Burhanudin Harahap, Perdana Menteri termuda (37 tahun) dari Masyumi, berhasil dengan gemilang melaksanakan Pemilu tersebut. Tiada Petugas KPPS atau TPS yang meninggal dunia. Tidak ada bentrokan di antara pendukung partai. Apalagi mencurangi suara rakyat. Tidak ada serangan fajar. Tiada “money politic.” Apalagi politik transaksional. Sebab, pelaksana Pemilu adalah Masyumi, Partai Islam ideologis yang berpegang teguh dengan nilai-nilai amanah, adil, dan jujur. Itulah sebabnya, Pemilu ini diakui dan dipuji oleh dunia internasional.

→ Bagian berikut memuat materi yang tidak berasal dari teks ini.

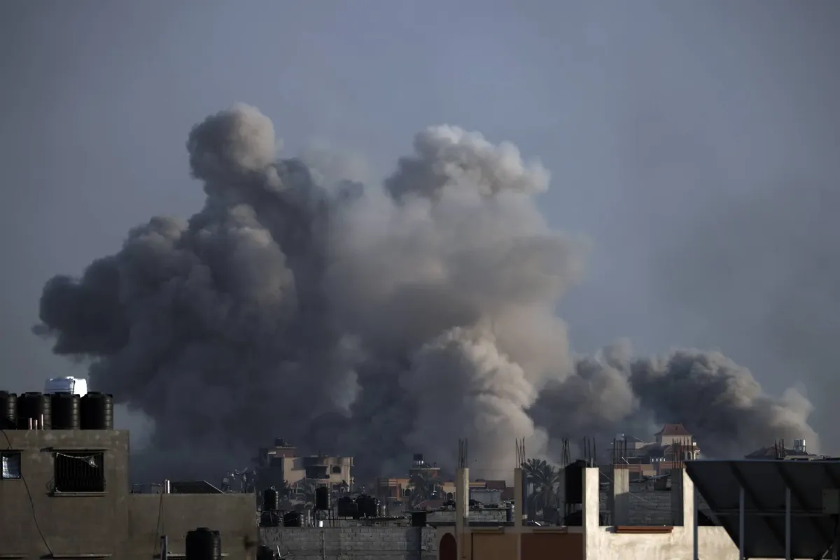 تصاعد الدخان جراء الغارات الإسرائيلية على قطاع غزة أمس (أ.ب)
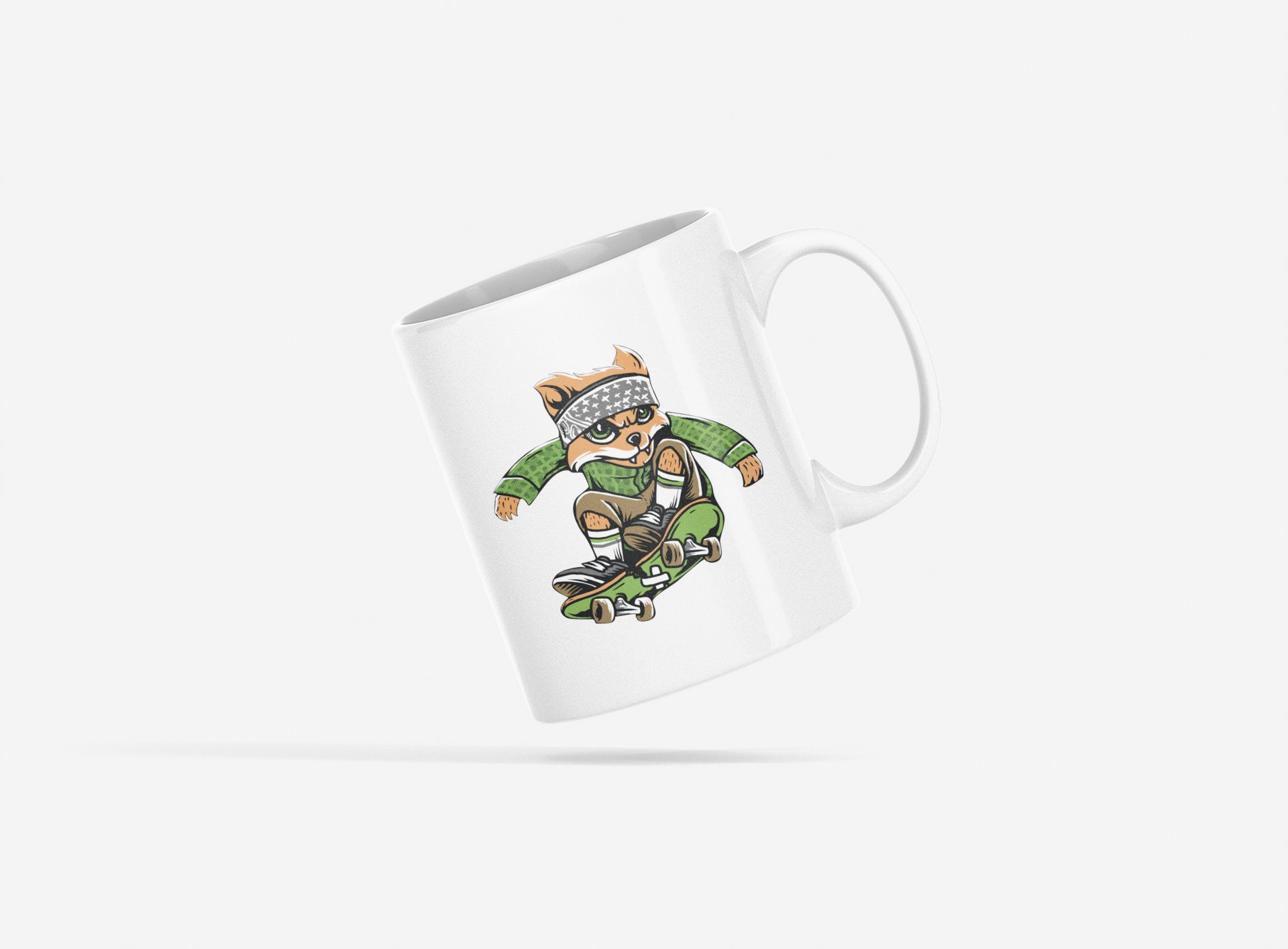 Skate fox - animation themed printed ceramic white coffee and tea mugs/ cups for animation lovers
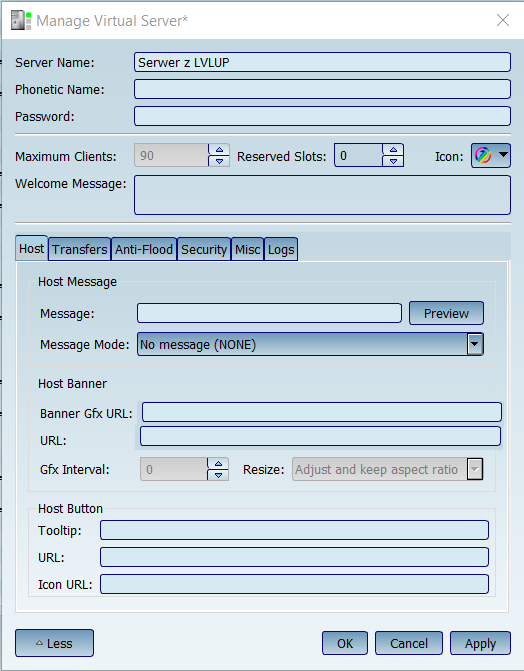 Edycja Serwera TS3 - “Edit Virtual Server”
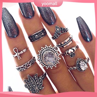 Bộ 9 Nhẫn Đeo Đốt Ngón Tay Đính Đá Phong Cách Retro Cho Nữ
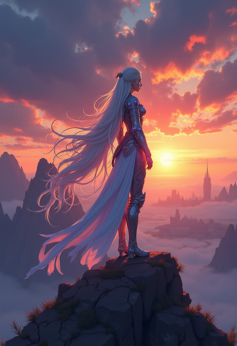 A digital anime artwork in the style of cklg. A noble warrior princess clad in iridescent armor stands atop a crystal-studded mountain peak, her gaze distant yet fierce. Her armor, encrusted with rubies and delicate celestial engravings, catches the light of dawn, casting a faint rainbow glow around her. Her long, pure white hair flows in the wind, and the silhouette of her dragon companion is set against the setting sun. The sky above is a swirl of dawn colors—dark orange, red, and midnight blue—illuminating a distant kingdom that stretches out below, veiled in mist.

Pemilu Orde Baru dan Korupsi

Di Indonesia, selama Orde Lama, tidak ada Pemilu. Soekarno melalui MPRS mengangkat dirinya sebagai Presiden seumur hidup. Inilah korupsi politik terbesar dalam masa Orde Lama. Akhirnya beliau dihalau dari istana oleh gerakan mahasiswa, tahun 1967. Tragisnya, Soekarno, Proklamator, Presiden Pertama, Pemimpin Besar Revolusi, dan Panglima Tertiggi ABRI, meninggal dunia dalam status tahanan kota.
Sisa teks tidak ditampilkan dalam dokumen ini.